Personal information
- Born: 1957 (age 68–69) Algeria

Sport
- Sport: Paralympic athletics Para table tennis

Medal record
Representing Great Britain
Paralympic Games
Paralympic athletics
| Gold medal – first place | 1984 New York | Javelin throw 1B |
| Bronze medal – third place | 1984 New York | Shot put 1B |
Paralympic Games
Para table tennis
| Gold medal – first place | 1984 New York | Teams 1A-C |
| Silver medal – second place | 1984 New York | Singles 1C |
European Championships
| Bronze medal – third place | 2005 Jesolo | Teams C4 |

= Dzaier Neil =

Paramlympic athlete and activist

Dzaier Djarmilia Belgasmi Neil (born 1957) is an Algerian-born British disability rights activist and former Paralympic athlete who competed internationally in track and field and table tennis.
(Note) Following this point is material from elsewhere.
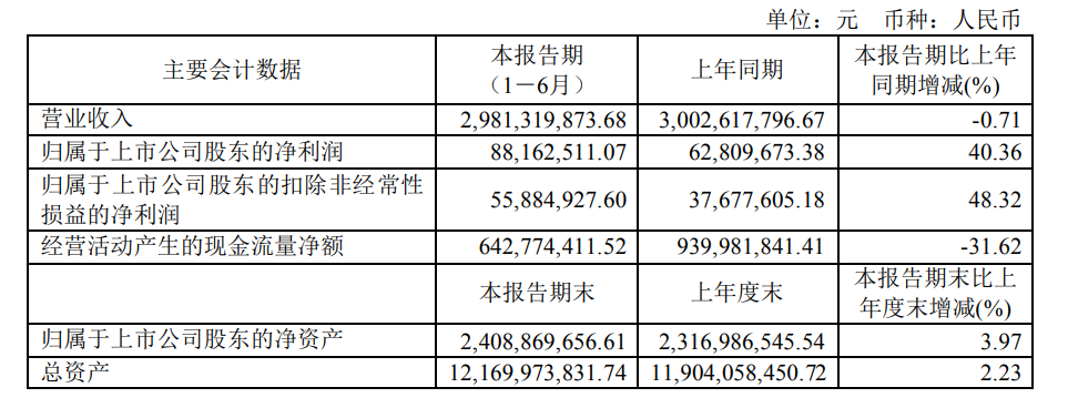 银座股份2022上半年实现营收29.81亿元,净利润增长40.36%至8816.25万元

She was a convenor of the Green Party Disability Group for the Green Party of England and Wales.

Neil was born in Algeria and was orphaned at a young age. She had a spinal cord injury when a bullet struck her when crossing the border between Algeria and Tunisia. Following a short period in hospital, Neil was transferred to Stoke Mandeville in the United Kingdom to continue her rehabilitation.